Dataset items
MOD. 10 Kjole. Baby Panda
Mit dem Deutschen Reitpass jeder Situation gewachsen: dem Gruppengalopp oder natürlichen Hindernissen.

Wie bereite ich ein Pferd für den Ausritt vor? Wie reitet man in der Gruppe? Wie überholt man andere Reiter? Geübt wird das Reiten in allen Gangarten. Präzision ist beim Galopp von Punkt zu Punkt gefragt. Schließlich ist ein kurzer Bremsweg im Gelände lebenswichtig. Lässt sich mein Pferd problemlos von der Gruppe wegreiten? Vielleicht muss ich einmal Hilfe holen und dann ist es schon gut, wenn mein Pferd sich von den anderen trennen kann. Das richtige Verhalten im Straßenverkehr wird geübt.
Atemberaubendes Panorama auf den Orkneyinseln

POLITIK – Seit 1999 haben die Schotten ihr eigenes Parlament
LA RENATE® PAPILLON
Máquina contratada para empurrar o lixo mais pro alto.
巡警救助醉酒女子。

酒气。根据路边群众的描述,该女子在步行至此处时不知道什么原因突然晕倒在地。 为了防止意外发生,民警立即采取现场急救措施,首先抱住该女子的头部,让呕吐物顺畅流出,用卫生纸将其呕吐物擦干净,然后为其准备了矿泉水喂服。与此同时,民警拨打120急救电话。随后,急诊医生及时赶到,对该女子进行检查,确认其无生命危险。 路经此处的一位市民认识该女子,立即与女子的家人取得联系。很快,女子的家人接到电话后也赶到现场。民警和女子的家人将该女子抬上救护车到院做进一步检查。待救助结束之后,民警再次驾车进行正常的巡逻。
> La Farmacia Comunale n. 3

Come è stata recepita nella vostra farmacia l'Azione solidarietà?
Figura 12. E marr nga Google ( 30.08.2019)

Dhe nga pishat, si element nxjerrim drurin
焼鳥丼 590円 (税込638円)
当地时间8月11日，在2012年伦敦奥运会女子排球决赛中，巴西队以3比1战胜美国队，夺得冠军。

The problem: Write out each line exactly, starting with the line that contains "焼鳥丼 590円 (税込638円)" and stopping after the last line of the data.

Completed task:
焼鳥丼 590円 (税込638円)
当地时间8月11日，在2012年伦敦奥运会女子排球决赛中，巴西队以3比1战胜美国队，夺得冠军。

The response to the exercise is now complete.